In an effort to contribute to research in scalable production systems for polymeric delivery systems loaded with antimicrobial peptides (AMPs), we here investigate effects of hydrodynamic flow conditions on microfluidic particle generation. For this purpose, rapid prototyping using 3D printing was applied to prepare micromixers with three different geometric designs, which were used to prepare Ca²⁺-cross-linked alginate microgels loaded with the AMP polymyxin B in a continuous process. Based on fluid dynamic simulations, the hydrodynamic flow patterns in the micromixers were designed to be either (i) turbulent with chaotic disruption, (ii) laminar with convective mixing, or (iii) convective with microvortex formation. The physicochemical properties of the microgels prepared with these micromixers were characterized by photon correlation spectroscopy, laser-Doppler micro-electrophoresis, small-angle x-ray scattering, and ellipsometry. The particle size and compactness were found to depend on the micromixer geometry: From such studies, particle size and compactness were found to depend on micromixer geometry, the smallest and most compact particles were obtained by preparation involving microvortex flows, while larger and more diffuse microgels were formed upon laminar mixing. Polymyxin B was found to be localized in the particle interior and to cause particle growth with increasing peptide loading. Ca²⁺-induced cross-linking of alginate, in turn, results in particle contraction. The peptide encapsulation efficiency was found to be higher than 80% for all investigated micromixer designs; the highest encapsulation efficiency observed for the smallest particles generated by microvortex-mediated self-assembly. Ellipsometry results for surface-immobilized microgels, as well as results on peptide encapsulation, demonstrated electrolyte-induced peptide release. Taken together, these findings demonstrate that rapid prototyping of microfluidics using 3D-printed micromixers offers promises for continuous manufacturing of AMP-loaded microgels. Although the micromixer combining turbulent flow and microvortexes was demonstrated to be the most efficient, all three micromixer designs were found to mediate self-assembly of small microgels displaying efficient peptide encapsulation. This demonstrates the robustness of employing 3D-printed micromixers for microfluidic assembly of AMP-loaded microgels during continuous production.

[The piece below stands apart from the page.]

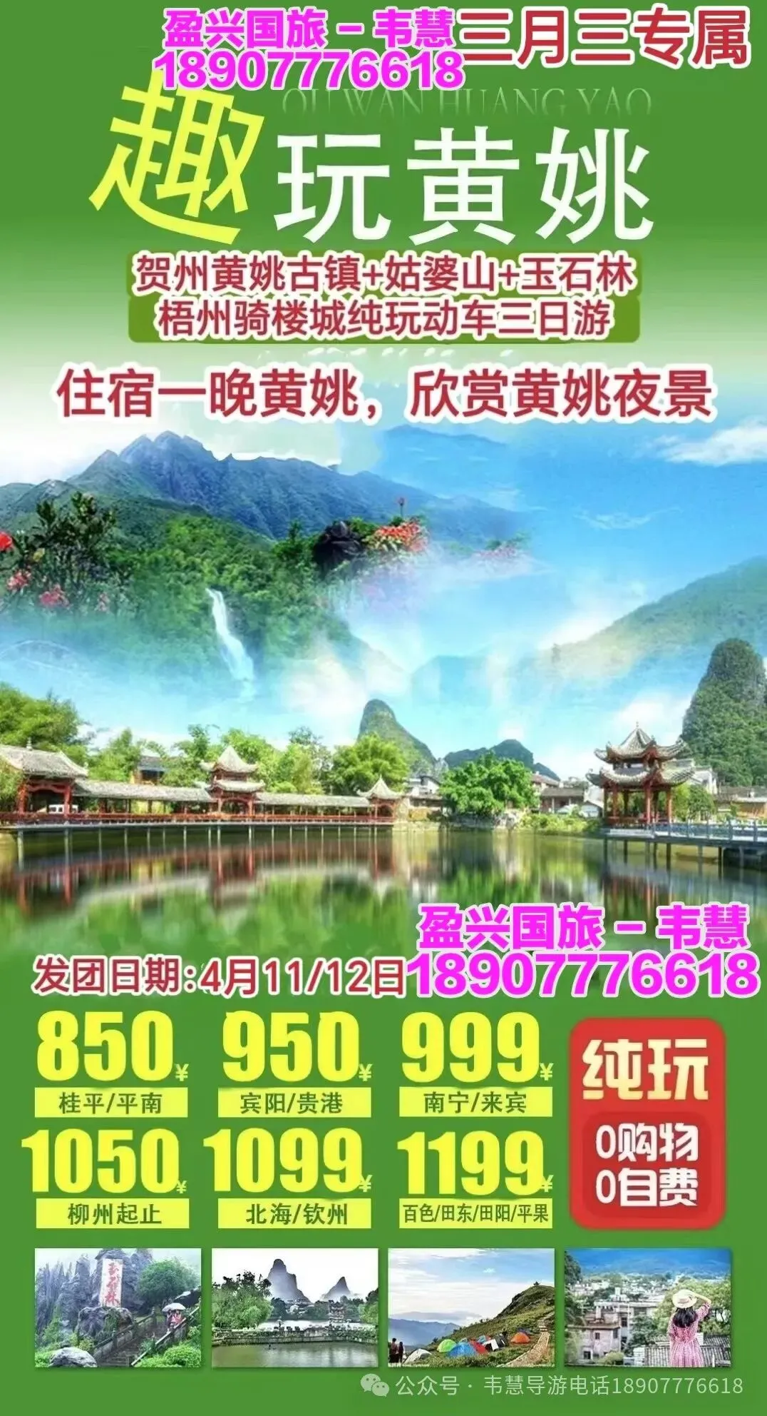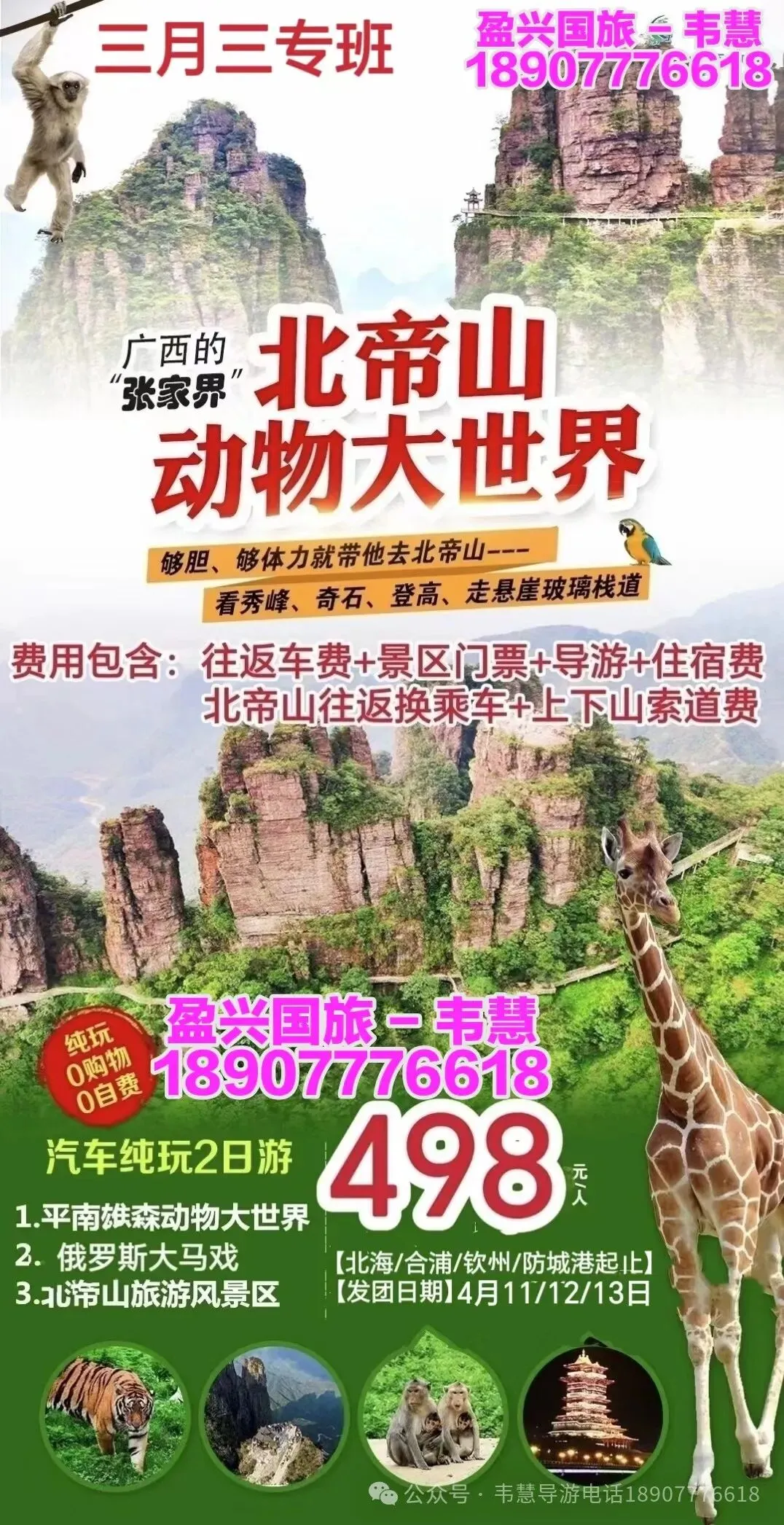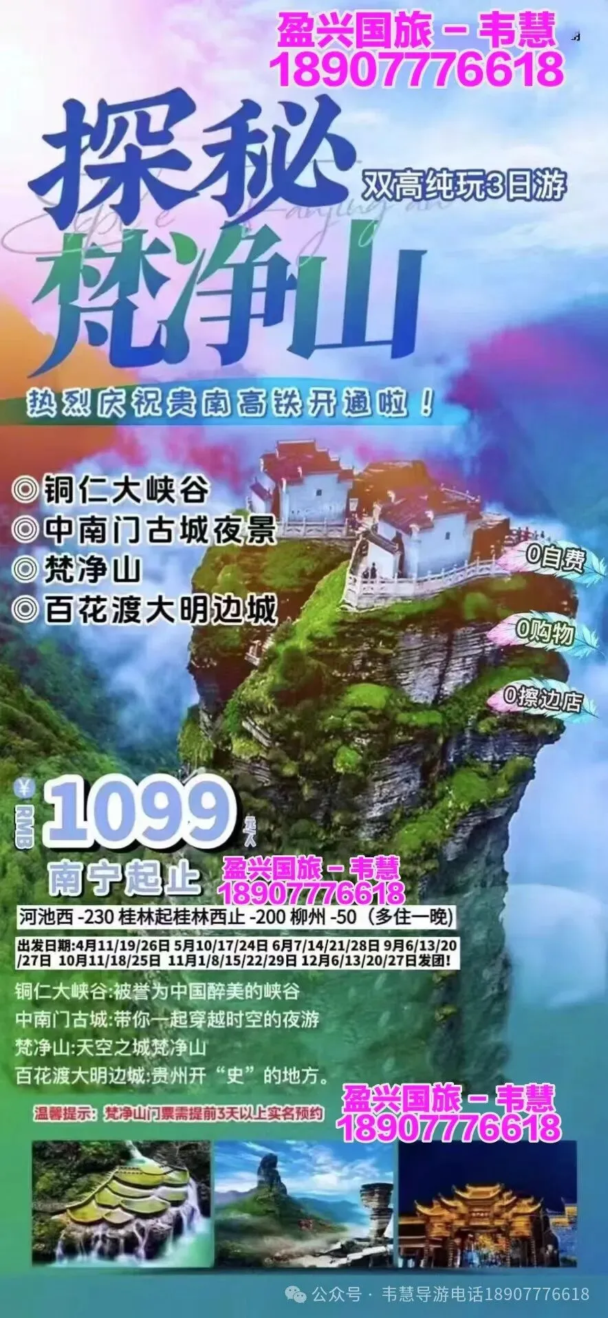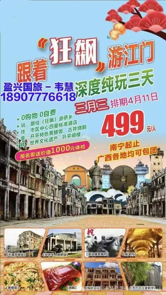 参团报名请给名单(姓名+身份证号码 +手机号码)并转款,以收款留位置,座位以收款前后顺序安排!孩童婴儿都要占座留位都需付费!

为了为可扩展生产系统的研究做出贡献，该系统用于载有抗菌肽（AMP）的聚合物输送系统，我们在这里研究流体动力学流动条件对微流体颗粒产生的影响。为了这个目的，使用3D打印的快速原型被应用于制备具有三种不同几何设计的微混合器，所述微混合器被用于以连续过程制备负载有AMP多粘菌素B的Ca 2 ⁺ -交联的藻酸盐微凝胶。基于流体动力学模拟，将微型混合器中的流体动力学流型设计为（i）带有紊乱的湍流，（ii）对流混合的层流或（iii）与微涡旋形成对流。用光子相关光谱，激光多普勒微电泳，小角X射线散射和椭圆偏振法对用这些微混合器制备的微凝胶的理化性质进行了表征。发现颗粒大小和密实度取决于微混合器的几何形状：从此类研究中，发现颗粒大小和密实度取决于微混合器的几何形状，通过涉及微涡流的制备获得最小和最紧密的颗粒，而较大和更多分散的微凝胶在层流混合时形成。发现多粘菌素B位于颗粒内部，并随着肽负载的增加而引起颗粒生长。钙²⁺诱导的藻酸盐的交联又导致颗粒收缩。对于所有研究的微混合器设计，发现肽的包封效率均高于80％。对于微涡旋介导的自组装产生的最小颗粒，观察到的最高包封效率。表面固定的微凝胶的椭偏结果以及肽包封的结果证明了电解质诱导的肽释放。综上所述，这些发现表明，使用3D打印的微混合器对微流体进行快速原型设计可为连续制造AMP装载的微凝胶提供希望。尽管已证明结合湍流和微涡流的微型混合器是最有效的，发现所有这三种微混合器设计都可以介导小微凝胶的自组装，从而显示出有效的肽包封。这证明了在连续生产过程中，使用3D打印的微混合器对装有AMP的微凝胶进行微流体组装的鲁棒性。